> [Work required] Reproduce each line of the entries that carries "materijala".
-- Opening Marker --
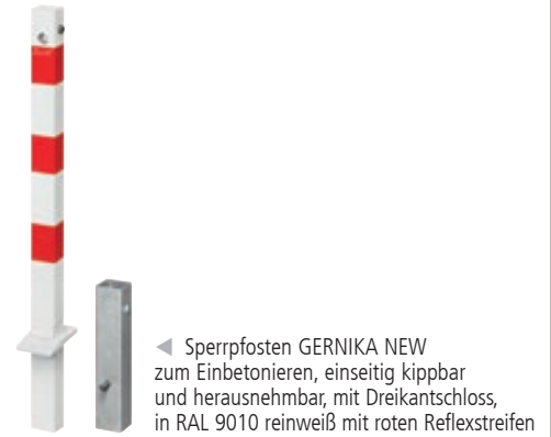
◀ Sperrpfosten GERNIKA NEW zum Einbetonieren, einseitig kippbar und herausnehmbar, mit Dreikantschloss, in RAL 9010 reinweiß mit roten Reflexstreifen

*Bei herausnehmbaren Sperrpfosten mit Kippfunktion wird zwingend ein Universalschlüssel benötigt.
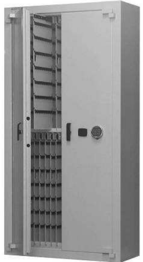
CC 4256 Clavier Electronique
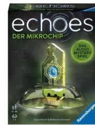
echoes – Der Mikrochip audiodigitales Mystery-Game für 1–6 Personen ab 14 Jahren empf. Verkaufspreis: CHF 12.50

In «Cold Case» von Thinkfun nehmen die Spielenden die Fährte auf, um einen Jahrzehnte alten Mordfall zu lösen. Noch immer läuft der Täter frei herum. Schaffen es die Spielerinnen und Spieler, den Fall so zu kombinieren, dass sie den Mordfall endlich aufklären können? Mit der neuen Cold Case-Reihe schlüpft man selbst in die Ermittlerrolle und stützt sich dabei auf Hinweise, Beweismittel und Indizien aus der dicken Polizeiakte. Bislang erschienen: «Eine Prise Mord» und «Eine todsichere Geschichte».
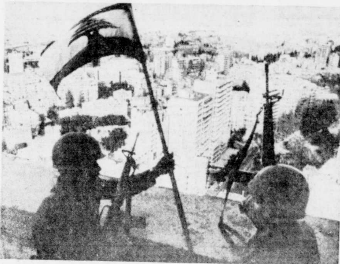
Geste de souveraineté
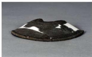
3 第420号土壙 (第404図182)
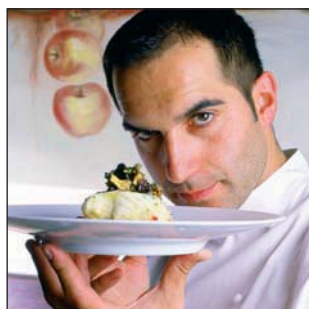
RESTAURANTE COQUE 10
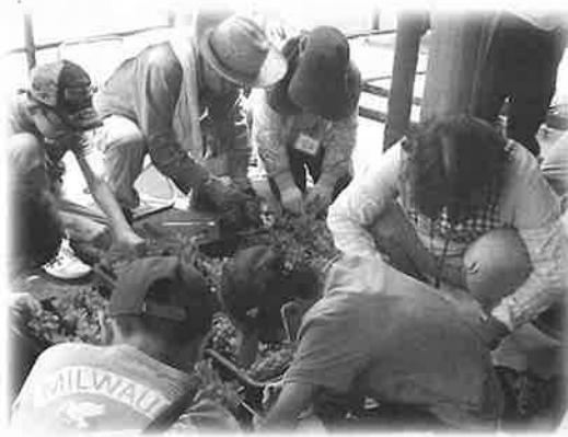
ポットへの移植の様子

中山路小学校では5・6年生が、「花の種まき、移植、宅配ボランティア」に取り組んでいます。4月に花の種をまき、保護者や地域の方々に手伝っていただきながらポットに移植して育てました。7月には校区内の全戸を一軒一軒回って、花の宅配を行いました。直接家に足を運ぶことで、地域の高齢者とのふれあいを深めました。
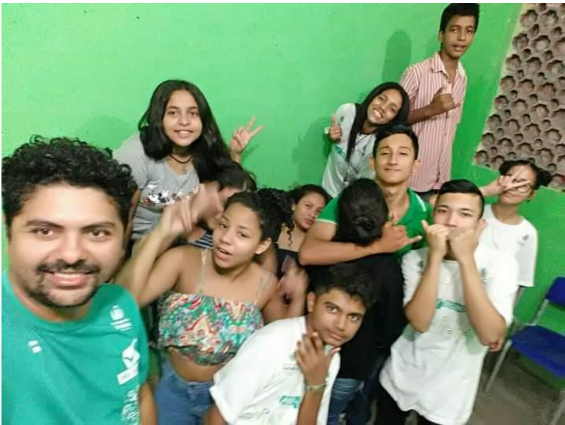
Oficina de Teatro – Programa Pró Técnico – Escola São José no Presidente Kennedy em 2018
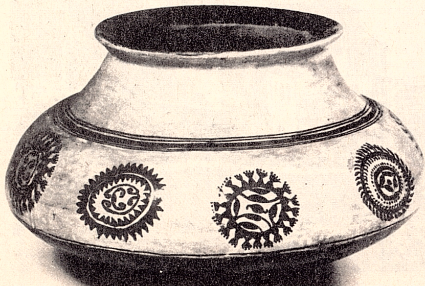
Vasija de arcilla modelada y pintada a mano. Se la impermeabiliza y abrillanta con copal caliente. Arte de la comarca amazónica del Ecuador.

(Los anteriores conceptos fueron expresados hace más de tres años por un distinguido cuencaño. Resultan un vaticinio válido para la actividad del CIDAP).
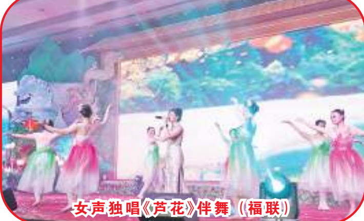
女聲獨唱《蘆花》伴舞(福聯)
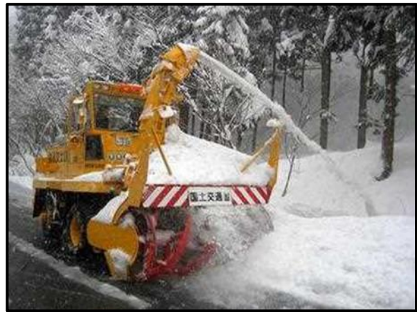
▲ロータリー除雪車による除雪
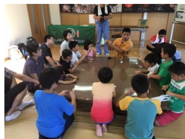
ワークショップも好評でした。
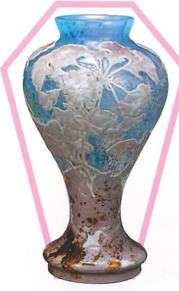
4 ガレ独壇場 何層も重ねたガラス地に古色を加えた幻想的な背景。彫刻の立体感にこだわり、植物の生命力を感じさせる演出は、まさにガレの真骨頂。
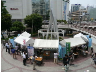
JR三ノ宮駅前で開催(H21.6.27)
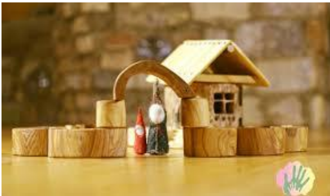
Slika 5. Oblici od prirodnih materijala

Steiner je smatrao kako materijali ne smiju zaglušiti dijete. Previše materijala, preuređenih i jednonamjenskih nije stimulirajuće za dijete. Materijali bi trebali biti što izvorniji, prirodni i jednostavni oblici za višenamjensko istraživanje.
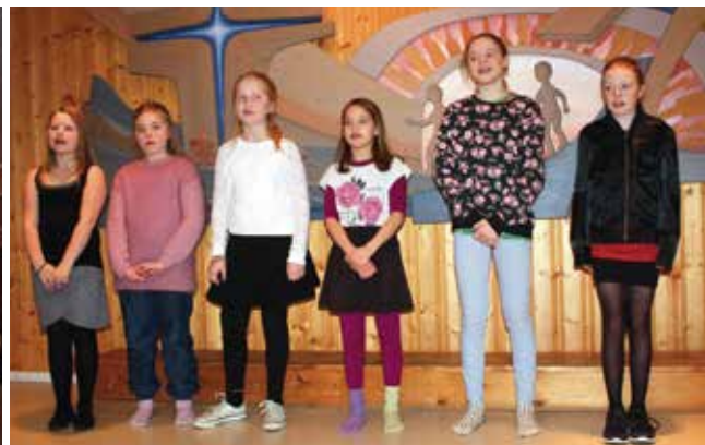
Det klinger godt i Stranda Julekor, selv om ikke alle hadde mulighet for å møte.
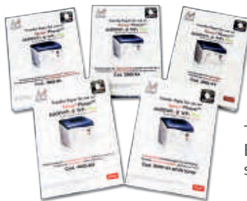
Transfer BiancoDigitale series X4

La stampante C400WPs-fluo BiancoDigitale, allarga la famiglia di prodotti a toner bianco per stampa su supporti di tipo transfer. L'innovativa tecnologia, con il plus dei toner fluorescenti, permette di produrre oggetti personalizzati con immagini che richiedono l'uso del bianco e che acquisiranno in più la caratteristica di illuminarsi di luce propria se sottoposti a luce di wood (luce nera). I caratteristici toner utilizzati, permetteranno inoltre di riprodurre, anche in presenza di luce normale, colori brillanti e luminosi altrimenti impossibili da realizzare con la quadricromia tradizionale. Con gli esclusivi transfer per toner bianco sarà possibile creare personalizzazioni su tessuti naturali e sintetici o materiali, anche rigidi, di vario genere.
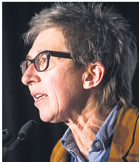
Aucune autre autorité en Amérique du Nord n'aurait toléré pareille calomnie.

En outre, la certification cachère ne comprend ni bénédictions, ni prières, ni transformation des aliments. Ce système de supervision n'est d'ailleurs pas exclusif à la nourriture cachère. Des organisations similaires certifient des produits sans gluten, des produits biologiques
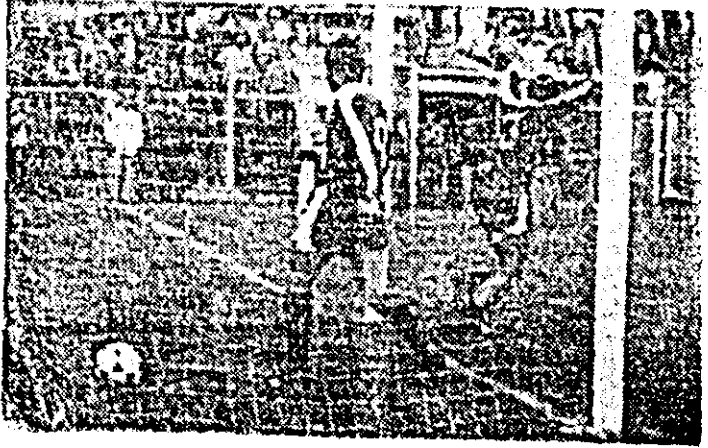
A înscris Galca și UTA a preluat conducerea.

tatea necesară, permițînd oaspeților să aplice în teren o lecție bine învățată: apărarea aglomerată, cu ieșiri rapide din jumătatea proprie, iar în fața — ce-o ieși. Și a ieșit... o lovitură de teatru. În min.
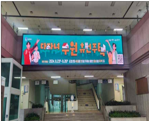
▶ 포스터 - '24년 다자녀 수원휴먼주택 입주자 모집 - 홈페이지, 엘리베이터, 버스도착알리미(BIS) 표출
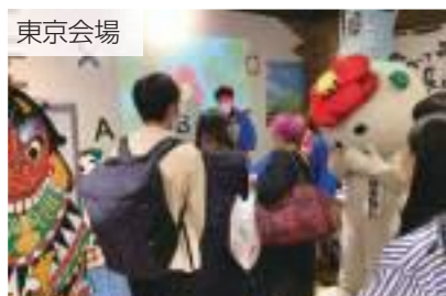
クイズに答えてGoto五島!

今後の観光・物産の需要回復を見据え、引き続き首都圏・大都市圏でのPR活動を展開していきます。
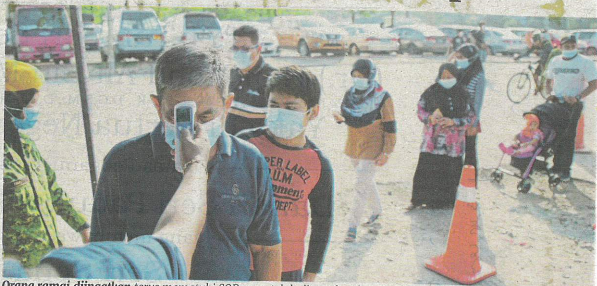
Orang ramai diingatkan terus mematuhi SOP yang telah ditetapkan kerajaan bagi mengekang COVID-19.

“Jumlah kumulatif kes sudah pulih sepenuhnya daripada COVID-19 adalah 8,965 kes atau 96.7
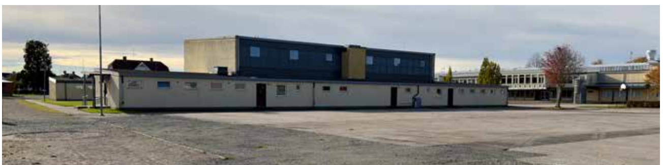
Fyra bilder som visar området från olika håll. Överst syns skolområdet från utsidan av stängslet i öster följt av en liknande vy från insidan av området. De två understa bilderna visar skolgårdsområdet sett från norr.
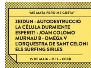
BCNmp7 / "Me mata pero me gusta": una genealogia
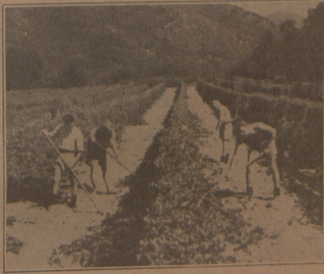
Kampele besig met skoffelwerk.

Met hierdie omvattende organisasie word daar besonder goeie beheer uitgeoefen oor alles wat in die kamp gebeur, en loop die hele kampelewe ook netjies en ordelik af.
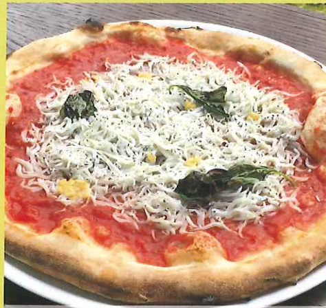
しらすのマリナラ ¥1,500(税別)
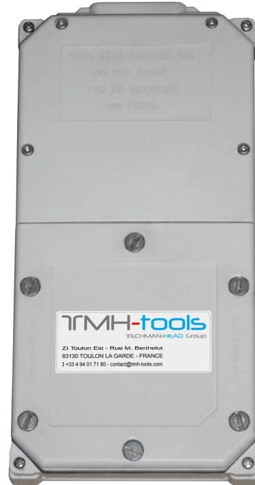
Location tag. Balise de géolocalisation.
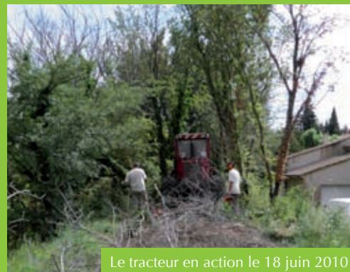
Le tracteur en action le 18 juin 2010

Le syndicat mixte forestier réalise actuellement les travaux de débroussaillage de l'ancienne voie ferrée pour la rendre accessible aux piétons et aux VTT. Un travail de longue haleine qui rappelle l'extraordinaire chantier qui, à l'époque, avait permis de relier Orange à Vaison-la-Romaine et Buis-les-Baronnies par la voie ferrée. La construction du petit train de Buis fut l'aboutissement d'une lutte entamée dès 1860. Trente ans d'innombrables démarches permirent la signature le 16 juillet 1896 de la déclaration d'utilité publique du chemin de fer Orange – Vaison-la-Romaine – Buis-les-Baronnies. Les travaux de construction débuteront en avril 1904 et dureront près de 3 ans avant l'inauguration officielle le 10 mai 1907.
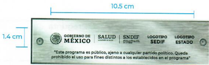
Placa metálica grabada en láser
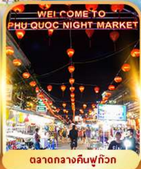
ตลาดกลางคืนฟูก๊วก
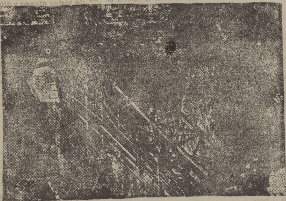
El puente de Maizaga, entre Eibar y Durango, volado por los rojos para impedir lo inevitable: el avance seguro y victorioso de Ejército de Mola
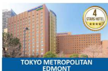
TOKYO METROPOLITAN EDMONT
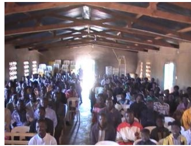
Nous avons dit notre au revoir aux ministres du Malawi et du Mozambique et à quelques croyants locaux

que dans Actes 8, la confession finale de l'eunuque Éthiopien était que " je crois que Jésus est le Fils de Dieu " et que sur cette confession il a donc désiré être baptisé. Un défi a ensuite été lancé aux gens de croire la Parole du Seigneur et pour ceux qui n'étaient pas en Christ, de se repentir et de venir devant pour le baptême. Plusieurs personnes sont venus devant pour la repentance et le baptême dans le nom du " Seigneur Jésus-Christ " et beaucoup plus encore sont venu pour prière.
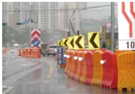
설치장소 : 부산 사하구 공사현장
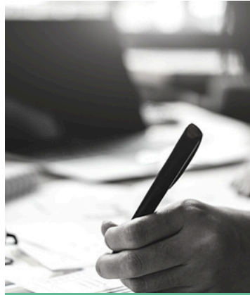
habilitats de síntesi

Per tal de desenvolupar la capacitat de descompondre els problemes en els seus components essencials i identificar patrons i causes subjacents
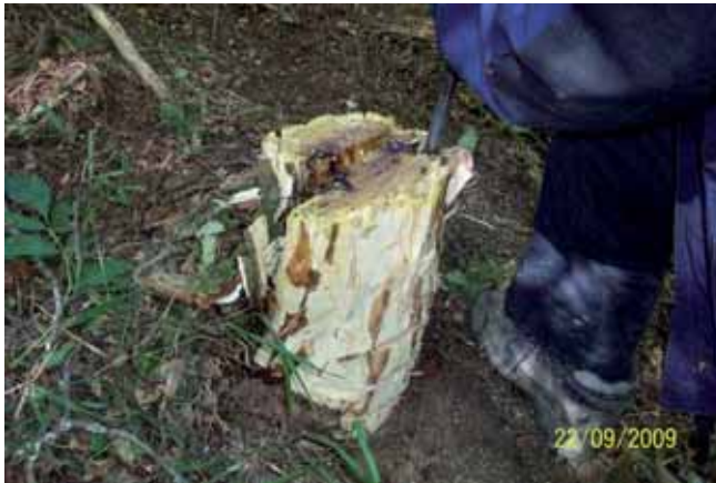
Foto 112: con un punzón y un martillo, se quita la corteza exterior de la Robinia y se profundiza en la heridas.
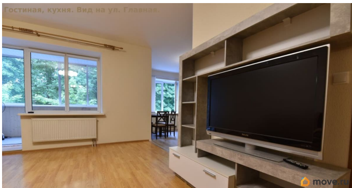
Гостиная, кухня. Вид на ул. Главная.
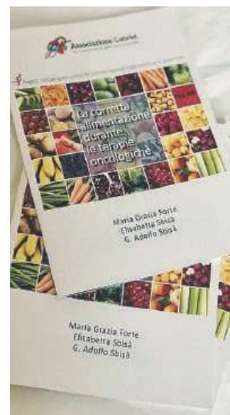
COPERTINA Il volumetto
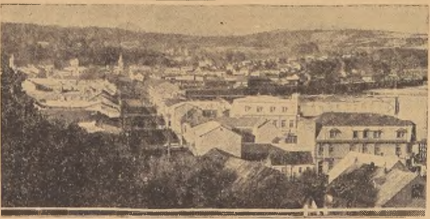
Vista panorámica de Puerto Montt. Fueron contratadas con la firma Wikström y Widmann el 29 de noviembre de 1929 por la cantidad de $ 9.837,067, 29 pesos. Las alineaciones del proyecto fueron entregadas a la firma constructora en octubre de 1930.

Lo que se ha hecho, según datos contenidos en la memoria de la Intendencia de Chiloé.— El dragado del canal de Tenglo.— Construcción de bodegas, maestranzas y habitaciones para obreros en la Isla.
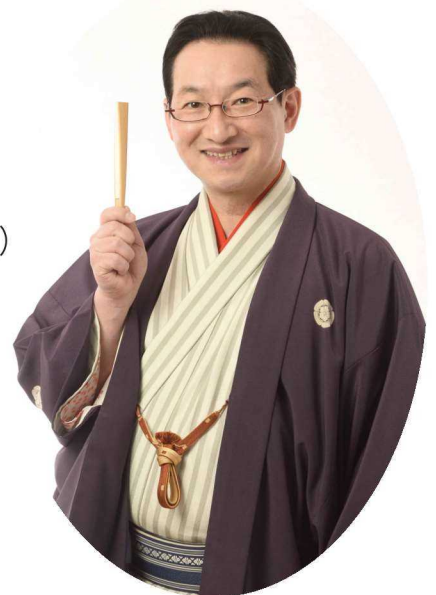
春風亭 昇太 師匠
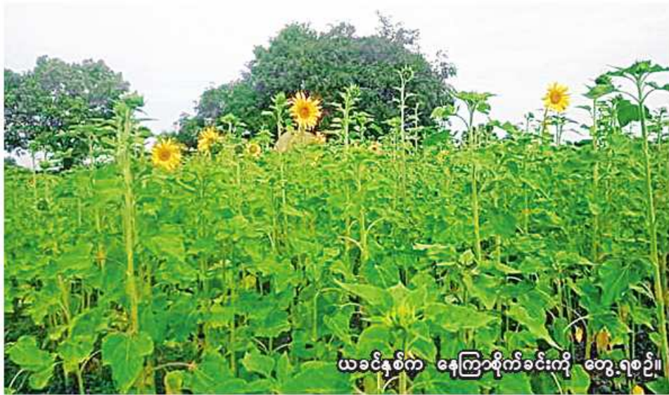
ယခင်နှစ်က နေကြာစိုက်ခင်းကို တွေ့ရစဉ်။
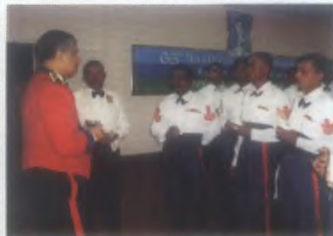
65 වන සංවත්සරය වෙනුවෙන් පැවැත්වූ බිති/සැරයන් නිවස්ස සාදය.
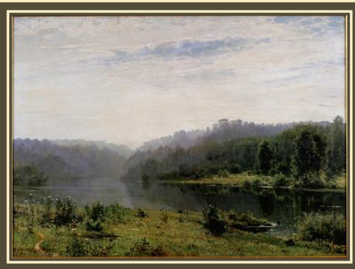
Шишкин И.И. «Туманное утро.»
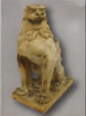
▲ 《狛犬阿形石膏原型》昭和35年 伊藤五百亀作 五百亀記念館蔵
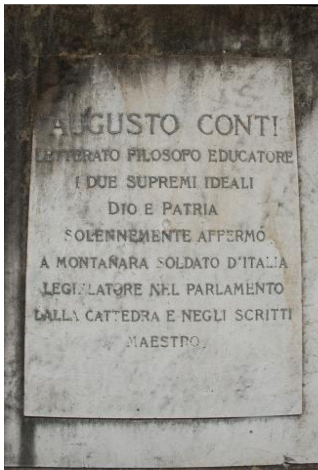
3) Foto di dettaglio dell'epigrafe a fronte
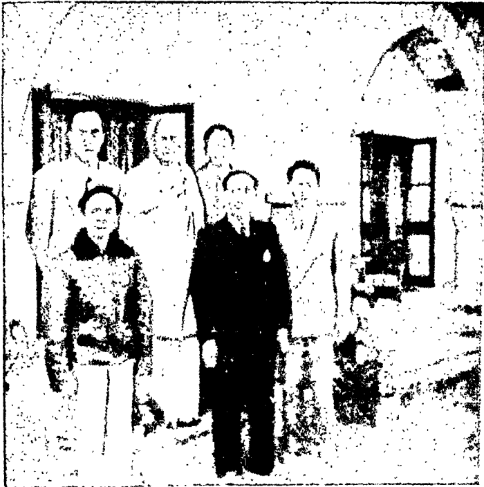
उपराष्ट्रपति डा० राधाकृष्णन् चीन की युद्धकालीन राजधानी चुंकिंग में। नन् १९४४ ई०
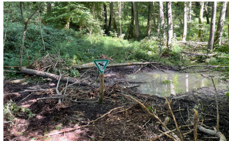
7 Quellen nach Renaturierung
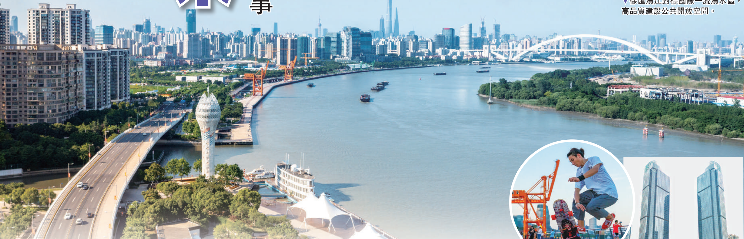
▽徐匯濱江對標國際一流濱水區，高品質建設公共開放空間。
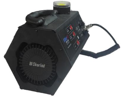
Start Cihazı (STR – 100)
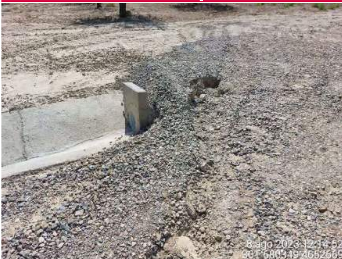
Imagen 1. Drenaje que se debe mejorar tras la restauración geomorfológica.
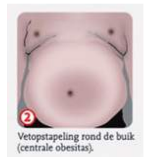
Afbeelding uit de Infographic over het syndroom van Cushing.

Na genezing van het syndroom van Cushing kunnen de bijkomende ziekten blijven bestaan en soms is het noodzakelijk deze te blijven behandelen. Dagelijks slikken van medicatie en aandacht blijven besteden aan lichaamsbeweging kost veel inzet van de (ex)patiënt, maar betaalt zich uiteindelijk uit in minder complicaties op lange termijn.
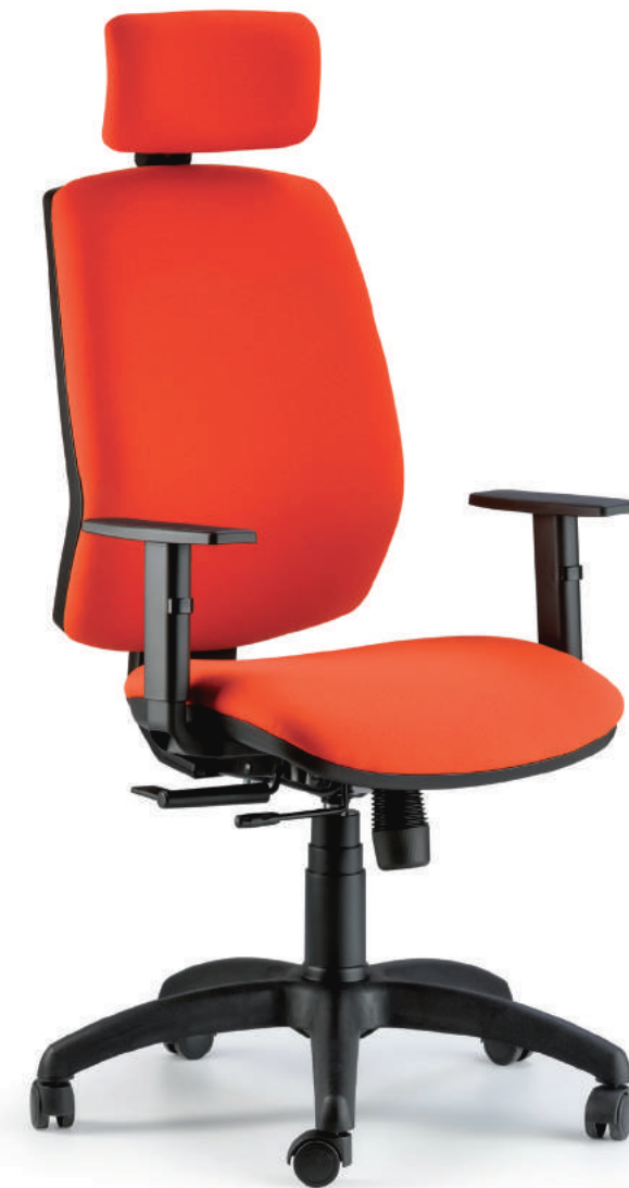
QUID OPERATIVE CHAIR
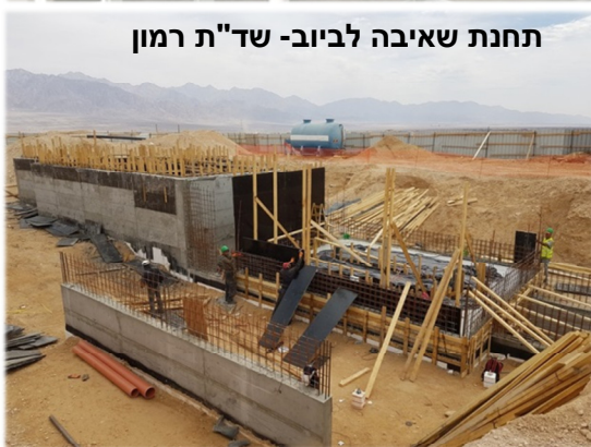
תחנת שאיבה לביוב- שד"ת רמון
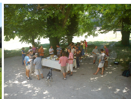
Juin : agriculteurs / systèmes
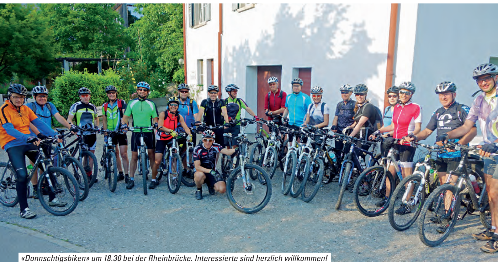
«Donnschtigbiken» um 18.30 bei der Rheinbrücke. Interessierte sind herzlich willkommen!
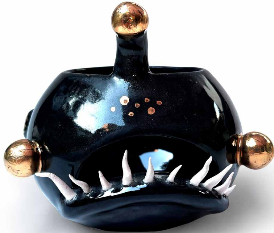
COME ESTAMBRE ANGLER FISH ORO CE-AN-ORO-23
-- Closing Marker --
> [Result below]
Slika 5. Oblici od prirodnih materijala
Steiner je smatrao kako materijali ne smiju zaglušiti dijete. Previše materijala, preuređenih i jednonamjenskih nije stimulirajuće za dijete. Materijali bi trebali biti što izvorniji, prirodni i jednostavni oblici za višenamjensko istraživanje.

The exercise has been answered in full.